Note to start off: this entire article is written with Python 3.x. It may, or may not work with 2.x. You can also access this article as an iPython notebook here.

Python is an amazingly introspective and hackable language, with a ton of cool features like metaclasses. One sadly unappreciated feature is the ability to not only inspect and disassemble, but actually programmatically modify the bytecode of Python functions from inside the script. While this sounds somewhat esoteric, I recently used it for an optimization, and decided to write a simple starter article on how to do it. (I'd like to warn that I'm not an expert in Python internals. If you see an error in this article please let me know so I can fix it).

To start off, let's declare a simple function we can play around with.

def func():
    a = 1
    b = 2
    c = a + b
    return c

I tried to avoid using any advanced Python features, just to keep the bytecode simple. However, syntax sugar like tuple unpacking and combined operator/assignment really doesn't add much complexity to the bytecode. Anyways, let's take a look at this function with Python's built-in dissassembler (things like this are why I love Python):

>>> import dis
>>> dis.dis(func)

  2           0 LOAD_CONST               1 (1)
              3 STORE_FAST               0 (a)

  3           6 LOAD_CONST               2 (2)
              9 STORE_FAST               1 (b)

  4          12 LOAD_FAST                0 (a)
             15 LOAD_FAST                1 (b)
             18 BINARY_ADD
             19 STORE_FAST               2 (c)

  5          22 LOAD_FAST                2 (c)
             25 RETURN_VALUE

That's actually not that complicated! The numbers on the far left are line numbers in the function. The number right before the opcode name is the byte offset that opcode starts at (Python opcodes are either 1 or 3 bytes each, depending on whether they take an argument [but can be extended 3 more bytes with EXTENDED_ARG]). The LOAD/STORE opcodes operate on the Python stack. STORE_FAST is the fast-path for storing to local variables. That means that the first 4 opcodes are simply storing 1 to a and 2 to b. Next, we load a and b again, and use the BINARY_ADD opcode to add them. That is STORE_FAST'd to c, and finally c is loaded and returned. Simple!

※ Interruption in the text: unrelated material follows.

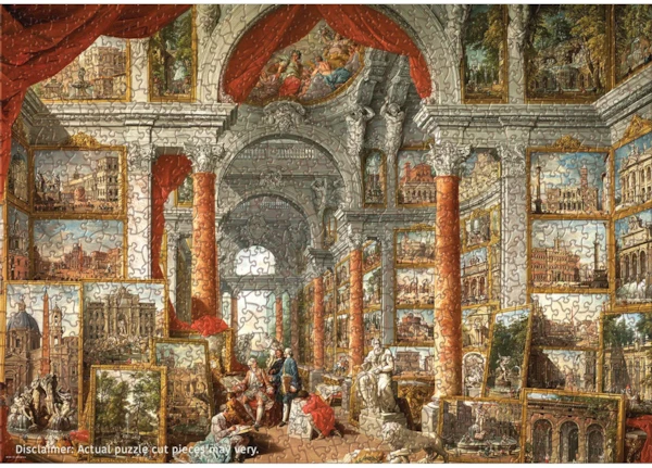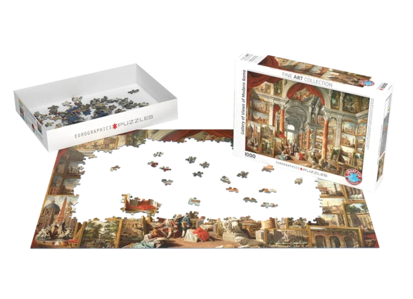 Bring the splendor of Rome to life with the Eurographics 1000-piece puzzle, Gallery of Views of Modern Rome, showcasing the exquisite artistry of Giovanni Paolo Panini. This intricate masterpiece captures the grandeur of 18th-century Rome, filled with majestic columns, stunning architectural landmarks, and an array of detailed cityscapes framed in an opulent gallery setting.

Now, lets take a look at the REAL opcodes. dis just prints them prettily for us, but behind the scenes these opcodes are really just bytes.

>>> print(func.__code__.co_code)

b'd\x01\x00}\x00\x00d\x02\x00}\x01\x00|\x00\x00|\x01\x00\x17}\x02\x00|\x02\x00S'

That's what the bytecode really looks like. It's a bytes object, so print is treating it like a string. Lets look at the raw numbers instead.

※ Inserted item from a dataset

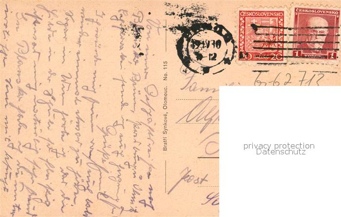 old postcard Olomouc Masarykovo namsti postalisch gelaufen Erhaltung siehe scans [KathaD81]

>>> print(list(func.__code__.co_code))

[100, 1, 0, 125, 0, 0, 100, 2, 0, 125, 1, 0, 124, 0, 0, 124, 1, 0, 23, 125, 2, 0, 124, 2, 0, 83]

That's a lot better! In fact, looking at it we see it's very similar to the dis output from earlier. Look at the first three bytes: 100, 1, and 0. If you recall, the first line of dis output was LOAD_CONST 1. And if we import another module...

>>> import opcode
>>> opcode.opmap['LOAD_CONST']
100

100! I'll skip to the chase and tell you that the next two bytes are interpreted as first_byte + 256 * second_byte, and that is used as the arg to LOAD_CONST. This arg is an index into the co_consts object:

>>> func.__code__.co_consts
(None, 1, 2)

That means all those first 3 bytes are doing is loading the first constant. The next 3 bytes, 125, 0, 0, unsuprisingly are the STORE_FAST. We already know the argument formula, and 0 + 256 * 0 is 0. This is used in co_varnames:

>>> func.__code__.co_varnames
('a', 'b', 'c')

The next 6 bytes repeat the same process, just for b. 124/LOAD_FAST also takes a co_varnames index, and this is executed twice for a and b. Now we get to the more interesting part, doing the addition. This is the first non-argument opcode we've seen. Remember earlier I said opcodes could be either 1 or 3 bytes? Python handles this in a very simple way - if the opcode is < 90, it is 1 byte. Otherwise it's 3 bytes. Addition is opcode 23, so it is 1 byte and has no arguments (the actual addition arguments were already loaded with LOAD_FAST). While addition could take arguments and load them itself, since there are several kind of loads, it was most likely easier for the Python developers to split that work into 3 opcodes, than to have several versions of BINARY_ADD and INPLACE_ADD (a += b) that load their arguments in different ways.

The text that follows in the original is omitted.